Loving this latest find announced yesterday (15 July 2019) by the Vindolanda Trust. The artefact was merely described as a "beautiful little oil lamp that was uncovered from the Antonine excavation" but I'll flesh that out a bit with my own analysis. The object is a Firmalampe (factory lamp), a late form of Loeschcke Type X, and was made in the Rhineland during the 2nd century AD. Although Trier was the prime production centre, the style and fabric here suggest it was possibly made in Cologne. Many examples bear a maker's mark in raised letters on the base, sometimes of an Italian maker with a branch workshop(?) in the Rhineland, but the marks are less common on this later style.

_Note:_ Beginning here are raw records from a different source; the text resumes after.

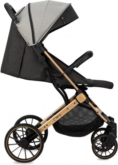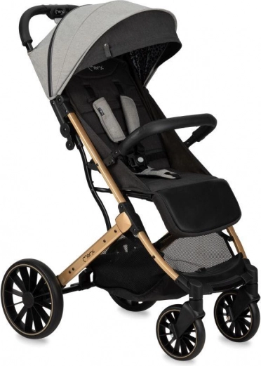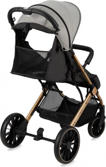 De kinderwagen heeft wendbare, lekbestendige wielen die comfort bieden. Dankzij het grote formaat – 10" – zijn ze ideaal, zelfs in de meest veeleisende omstandigheden. De centrale rem van de MoMi ESTELLE DAKAR is zeer comfortabel in gebruik. Onder de kinderwagen bevindt zich een praktische, grote mand met een draagvermogen tot 2 kg.
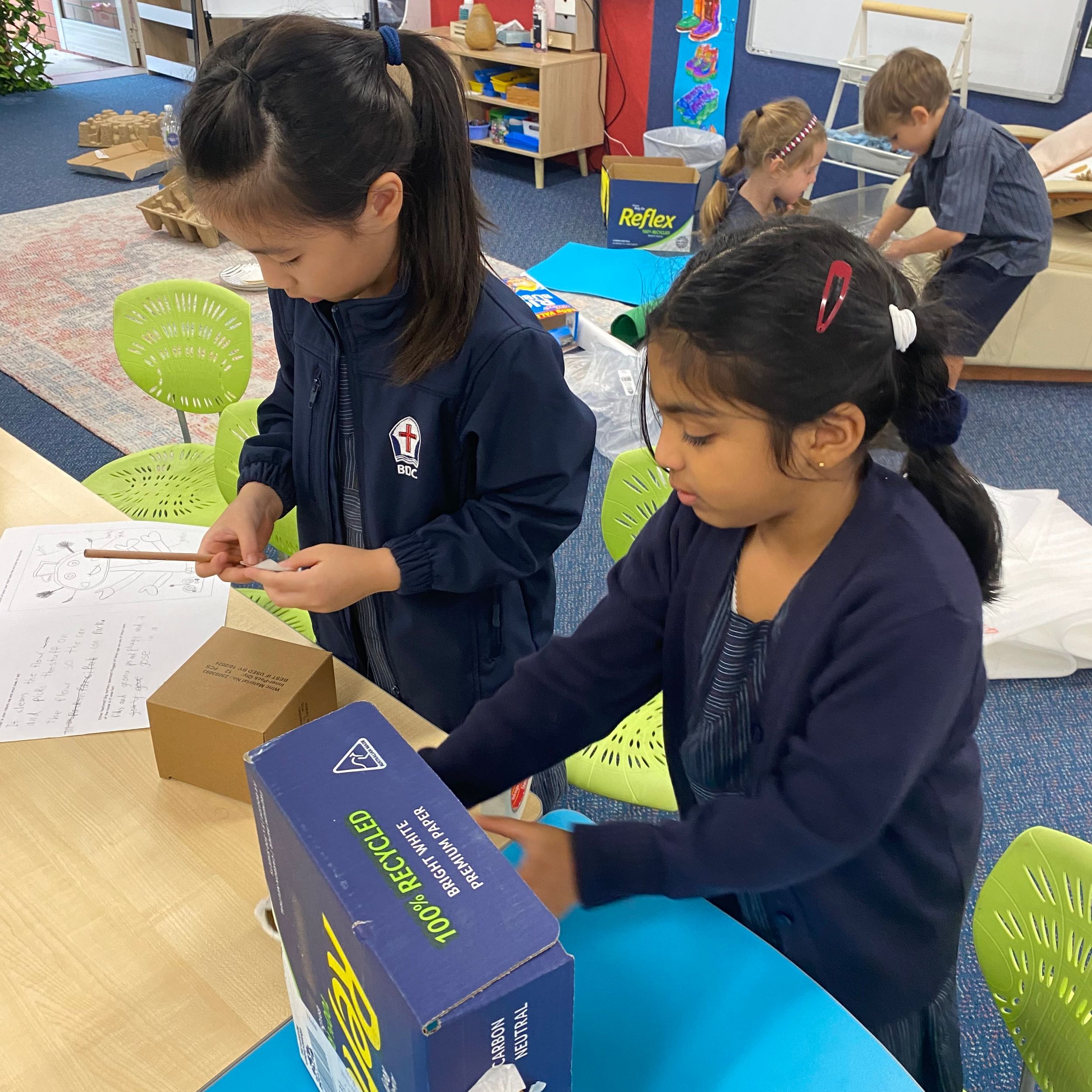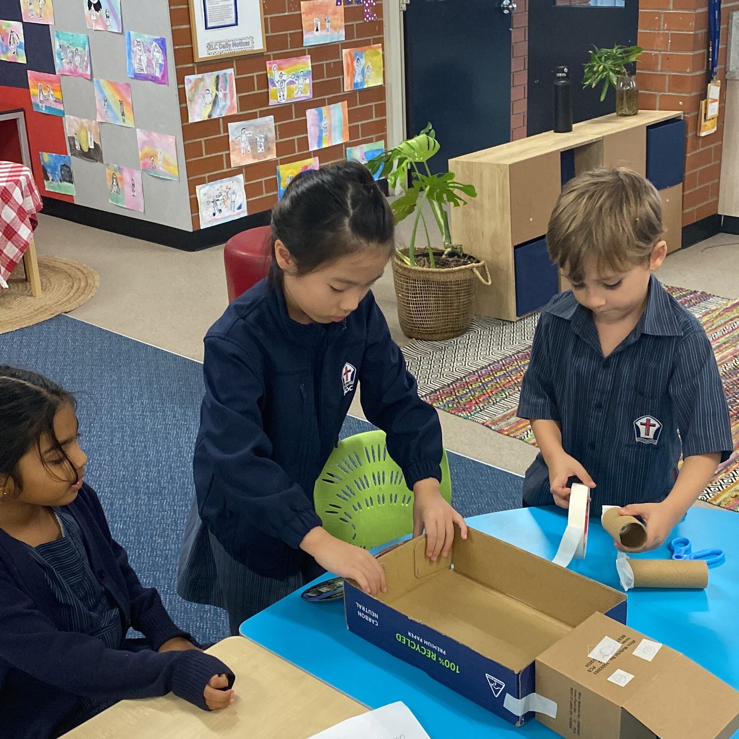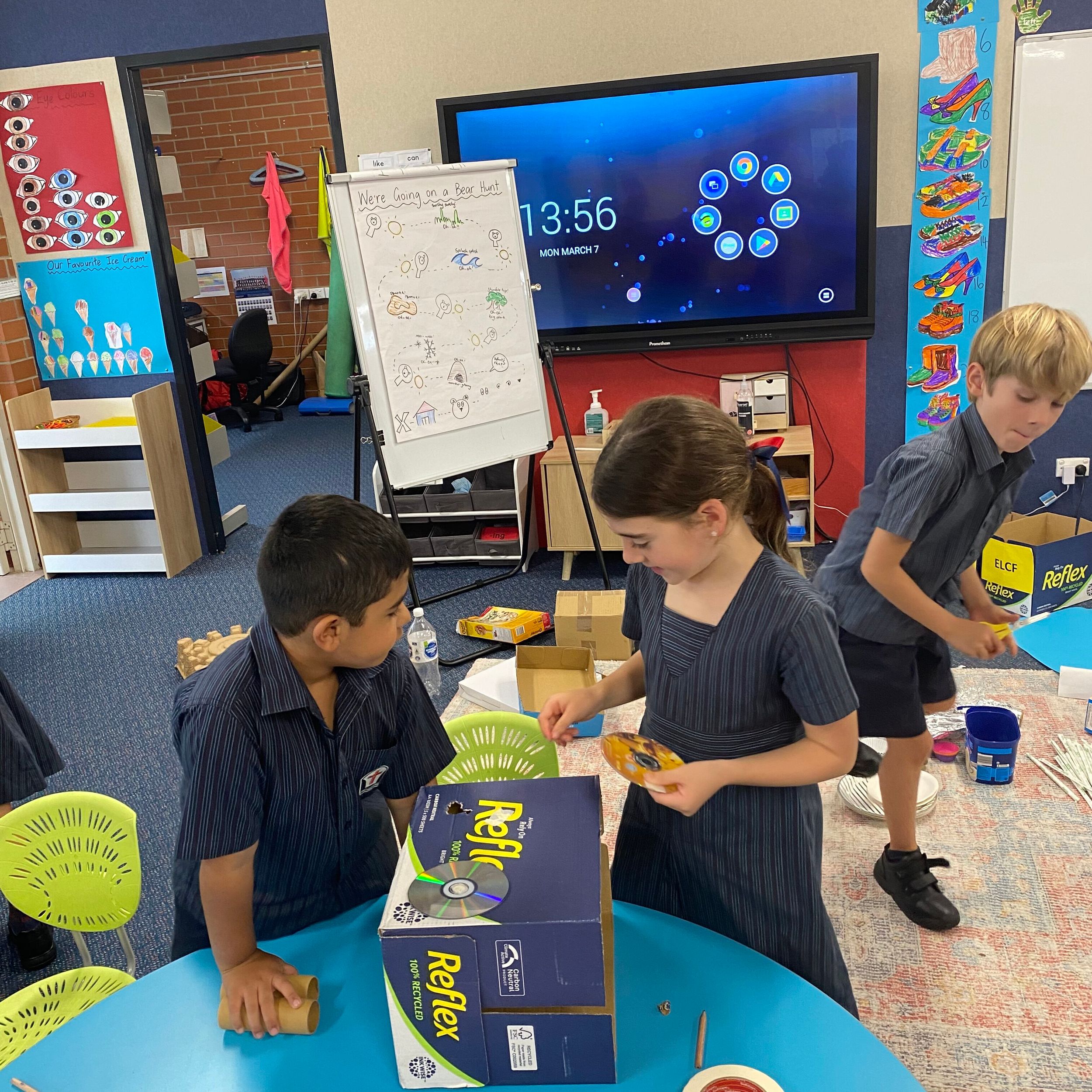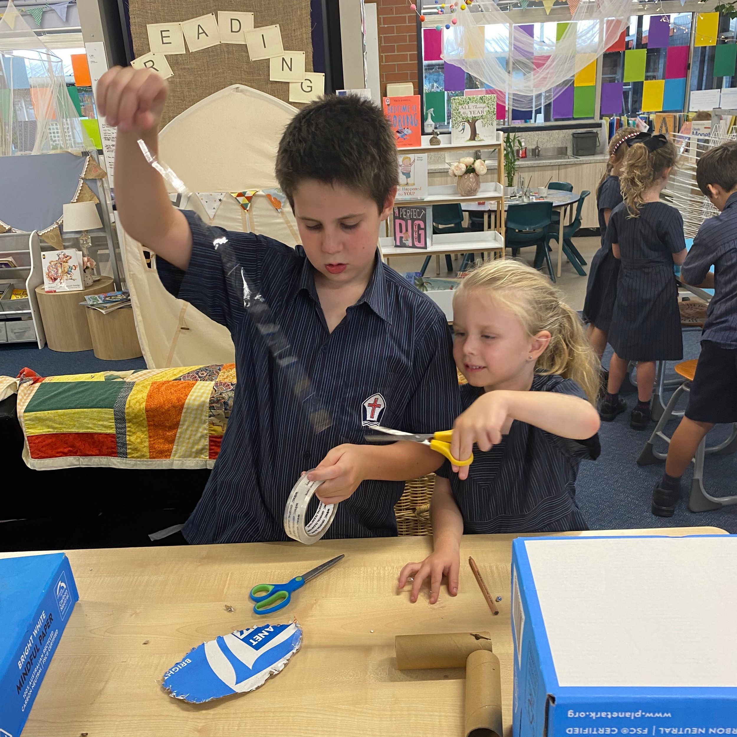 This term in the ELC we have been learning about change and innovation in Science lessons. We have worked in our buddy groups to design and make a robot to assist in different rooms of our houses. We had to work cooperatively and compromise whilst we were working on this project. We modified our design to improve it and also during the construction stage. It was a valuable and enjoyable experience for us all.
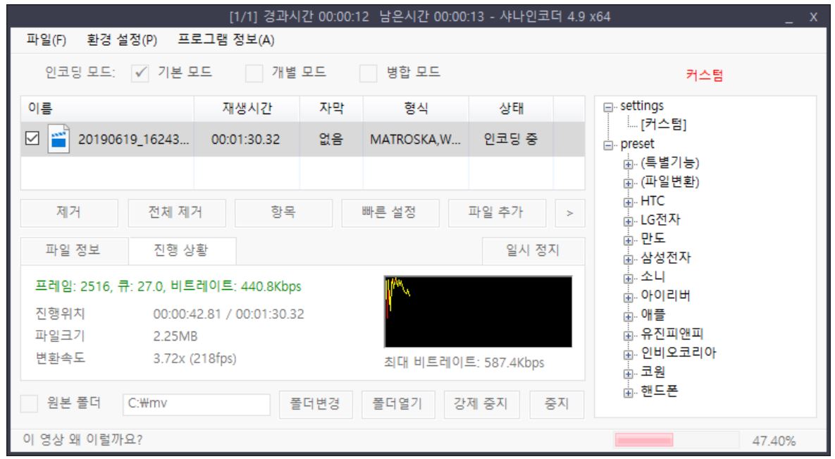 원하는 형태로 바꾸기가 완료되셨다면 이제 인코딩을 진행하여 동영상 변환작업을 진행가능합니다. 이외에도 샤나인코더 다운로드 프로그램은 구간설정 및 영상잘라내기, 병합모드도 지원하니 이용해보시면 나쁘지 않겠죠?
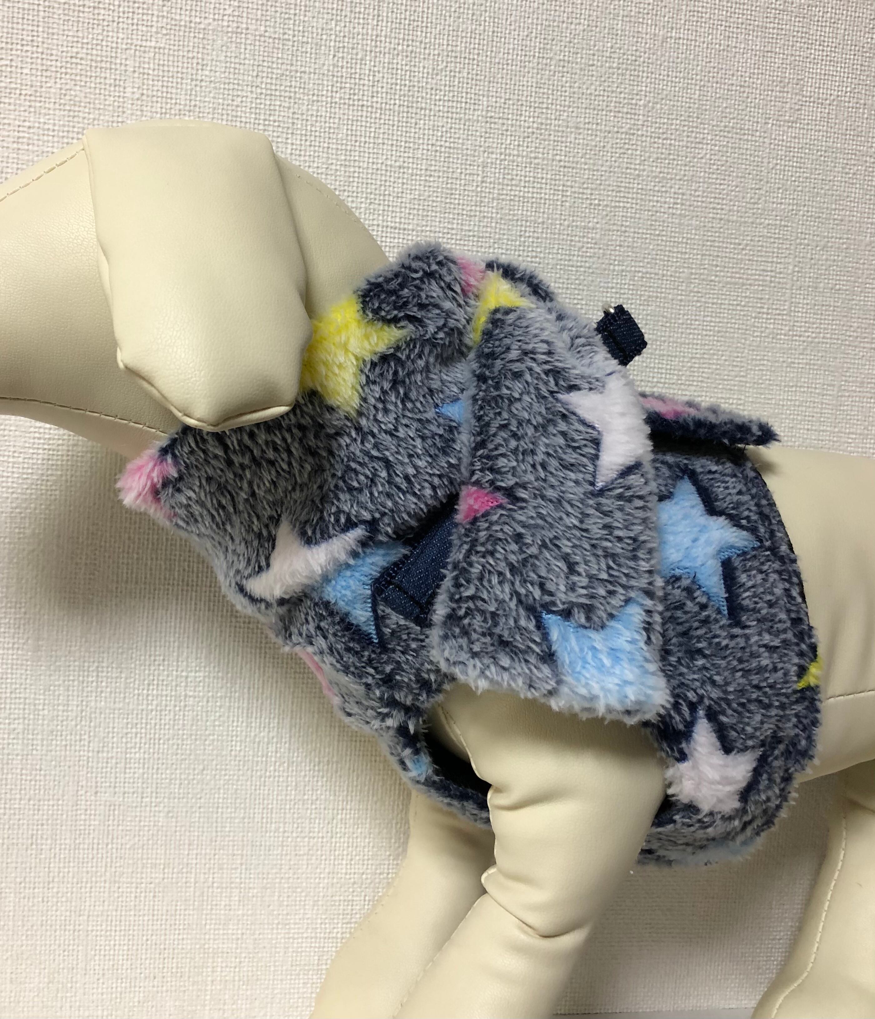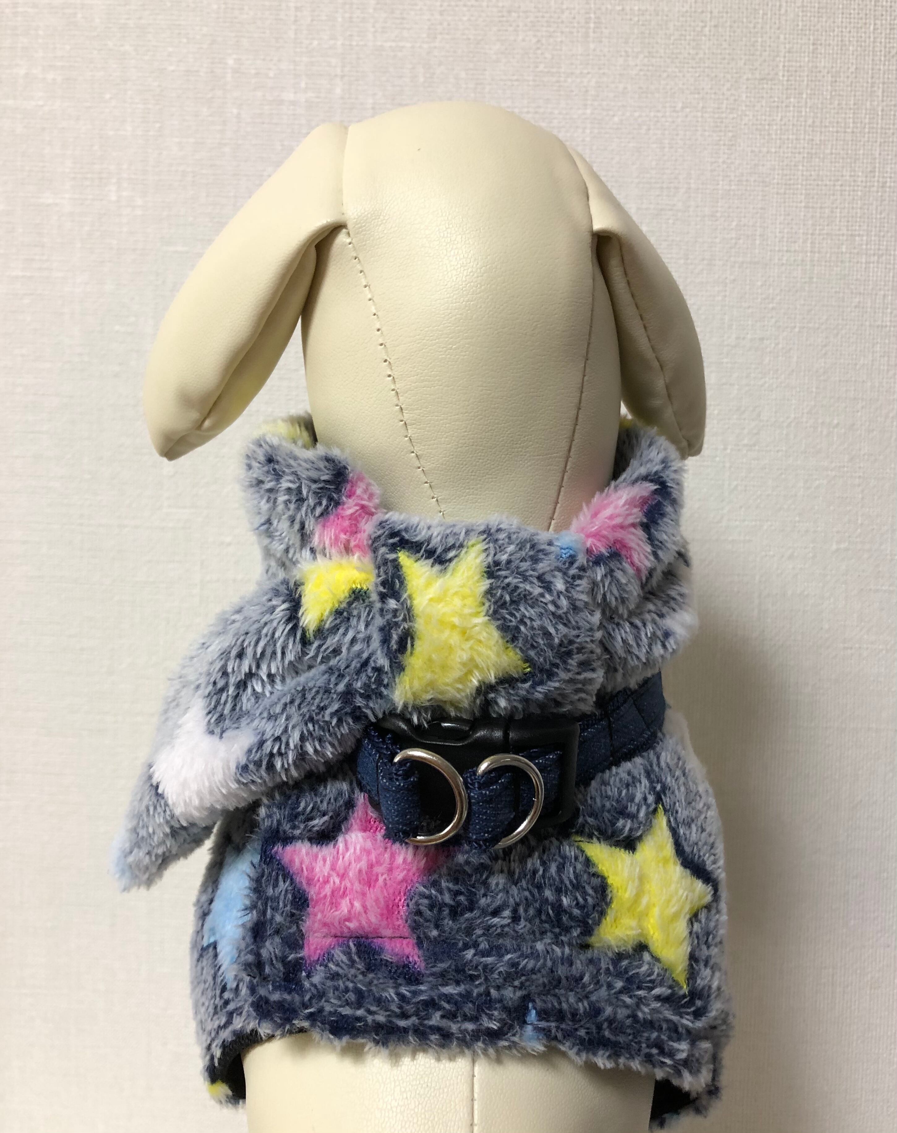 犬用 冬用ハーネス フリース星柄 マフラーとチャーム付き
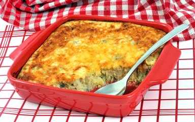 Форму смажьте маслом, посыпьте сухарями, равномерно выложите рыбно-картофельную массу и посыпьте тертым пармезаном. Форму поместите в разогретую до 180°С духовку на 15 минут до зарумянивания.
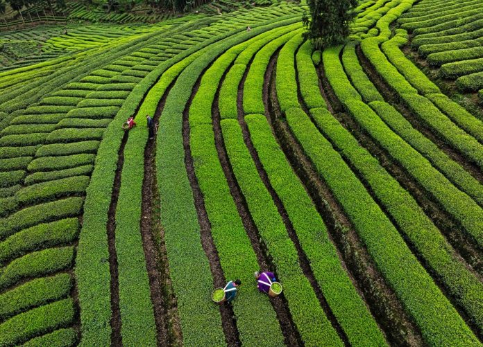 PECHINO (CINA) (XINHUA/ITALPRESS) – Dei contadini raccolgono foglie di tè in una piantagione di tè nella contea di Muchuan, città di Leshan, nella provincia sud-occidentale cinese del Sichuan, il 15 marzo 2026. Nella maggior parte delle aree della Cina meridionale, questa pianta è entrata nella stagione della raccolta. I contadini sono impegnati a raccogliere e a lavorare il tè per soddisfare la domanda di mercato.
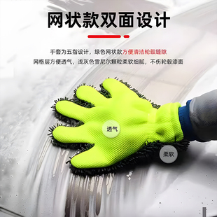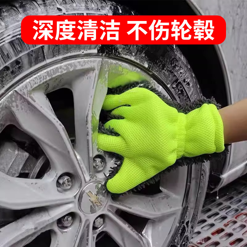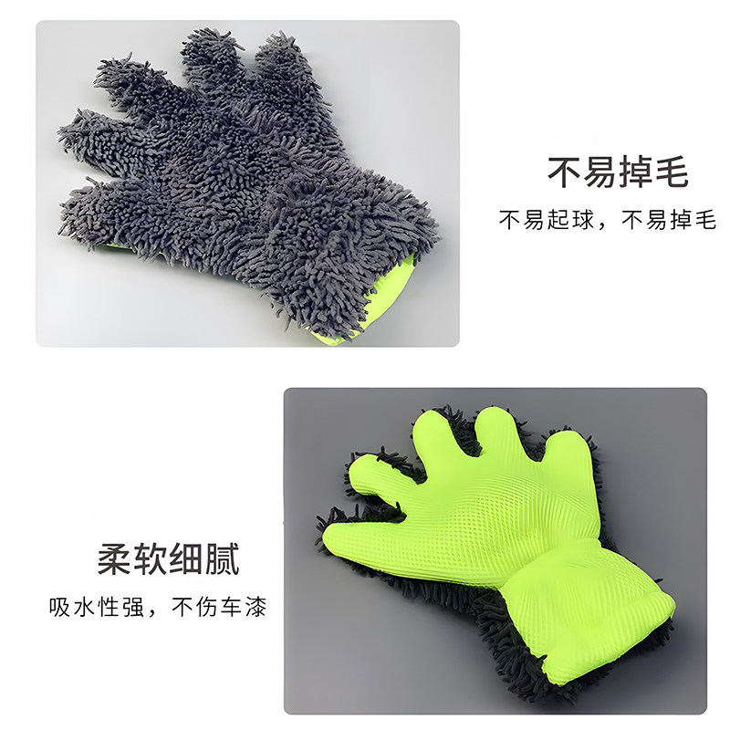 洗车手套雪尼尔珊瑚毛绒加厚双面擦车巾专用洗车抹布泡沫清洁工具
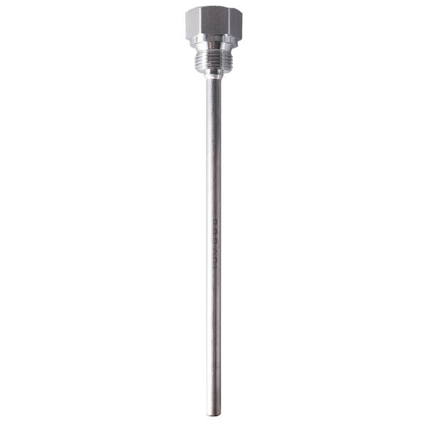 Die Schutzhülse zum Einschrauben aus Edelstahl (Werkstoff Nr. 1,4571) ist passend für einen Fühler mit Durchmesser 6 mm. Montiert wird die Hülse mit einem Gewinde G 1/2 Form A gemäß DIN 3852/2. Die maximale Druckbelastbarkeit bei einer Temperatur von 150 °C beträgt 88 bar.
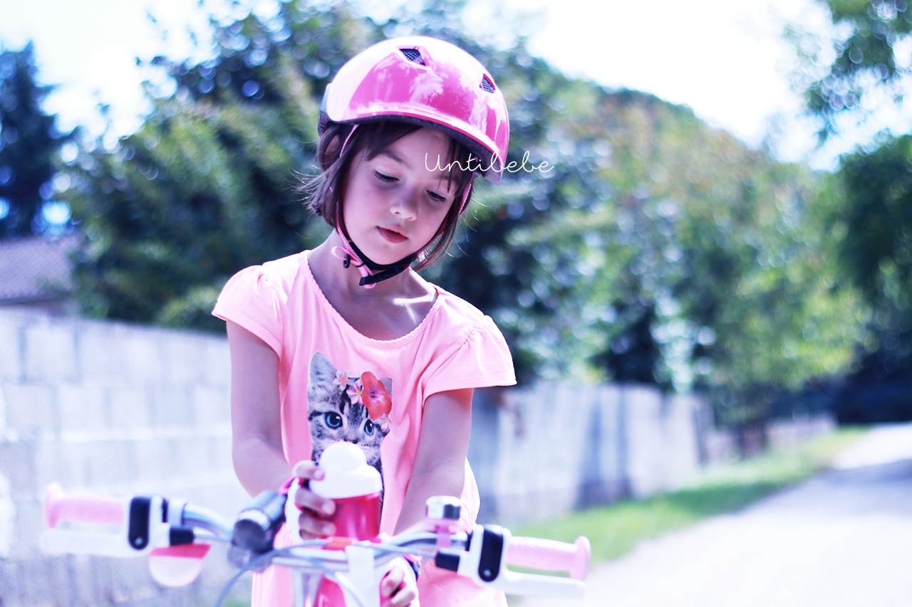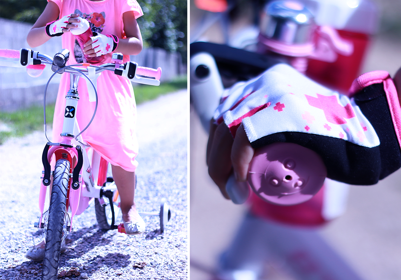 Vous vous souvenez peut-être de cette vidéo que j’avais réalisée l’année dernière. On y voyait Emma faire ses premiers tours de roues (et jouer l’actrice… Si si !) avec petites roulettes à l’appuie. Depuis, elle a fait de beaux progrès puisque les petites roulettes ont été abandonnées.

Oil lamps never really caught on to a large extent in Britain. British-made examples tend to be relatively crude and typically mica-dusted. A large proportion of the oil lamps found in Britain were imported, normally from Gaul, Germany or Italy. They are found mainly in urban or military contexts, and are very rarely found in any context at all after the 2nd or 3rd century.
The likely reasons for their comparative rarity in Britain are the cost of importing olive oil and their unfamiliarity outside urban or military environments. The preferred lighting in most of Britain consisted of open lamps (e.g. Loeschcke Type XI) burning animal fat, or possibly tallow candles.